/SAFBuilder

Builds a Simple Archive Format package from files and a spreadsheet

Primary LanguageJava

SimpleArchiveFormat Builder
===========================

A standalone Java tool to build Simple Archive Format packages which are used to easily ingest items into a document management system, such as an institutional repository like DSpace. The use case satisfied by this SAFBuilder is that someone has a spreadsheet filled with metadata as well as content files such as images and PDFs and wishes to then bulk import this into a document management system. Users find it easy to create spreadsheets, this tool makes it easy to then import it into their system.
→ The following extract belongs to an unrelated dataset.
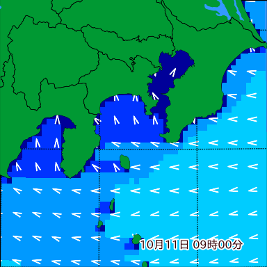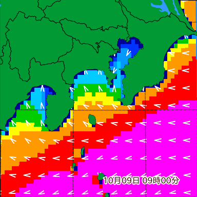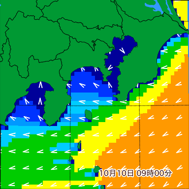 テ付近の波高を2日先まで分布図で確認できます。波高予測を広域で確認できるので、台風や低気圧による波高の推移や沖合のポイントの波高の参考になります。

Author: Peter Dietz - The Ohio State University Libraries

[Wiki entry on Simple Archive Format Packager](https://wiki.duraspace.org/display/DSPACE/Simple+Archive+Format+Packager "Simple Archive Format Package wiki entry")

Input
-----
A spreadsheet (.csv) with the following columns:
* filename for the bitstream/file
* metadata with namespace.element.(qualifer). Examples would be: dc.description or dc.contributor.author
![Image of a sample input spreadsheet with metadata](https://wiki.duraspace.org/download/attachments/20809267/metadata-spreadsheet.png?version=1&modificationDate=1276806916424 "sample spreadsheet with metadata")


Output
------
    SimpleArchiveFormat/
        item_000/
            dublin_core.xml         -- qualified Dublin Core metadata for metadata fields belonging to the dc schema
            metadata_[prefix].xml   -- metadata in another schema, the prefix is the name of the schema as registered with the metadata registry
            contents                -- text file containing one line per filename
            file_1.doc              -- files to be added as bitstreams to the item
            file_2.pdf
        item_001/
            dublin_core.xml
            contents
            file_1.png
            ...

Instructions
------------
The commands below will: check out the code from Git, download the external java libraries used to make the tool, compile the source code, and execute it. The exact commands below are specific to Linux, other users should be able to deduce what it means.
    git clone git://github.com/peterdietz/SAFBuilder.git
    cd SAFBuilder
    javac -classpath javacsv-2.0.jar:commons-io-1.4.jar:xmlwriter-2.2.jar src/edu/osu/kb/batch/*.java -d classes
    java -cp classes edu.osu.kb.batch.BatchProcess

With no arguments the system will print out the help.
> USAGE: BatchProcess /path/to/directory metadatafilename.csv  
> Hint -- directory: Use absolute path and no trailing slashes  
> Hint -- metadatafilename: needs to be in the directory, as do the content files  

Included is some sample data to get started using the tool.
    java -cp classes:javacsv-2.0.jar:commons-io-1.4.jar:xmlwriter-2.2.jar edu.osu.kb.batch.BatchProcess /home/peter/NetBeansProjects/SAFBuilder/src/edu/osu/kb/sample_data AAA_batch-metadata.csv

Running the tool against the sample data will create a directory "SimpleArchiveFormat" in the directory you previously specified. In this example it is: /home/peter/NetBeansProjects/SAFBuilder/src/edu/kb/sample_data/SimpleArchiveFormat, and the contents of the directory SimpleArchiveFormat is of the format of what was described above in the "Output" section.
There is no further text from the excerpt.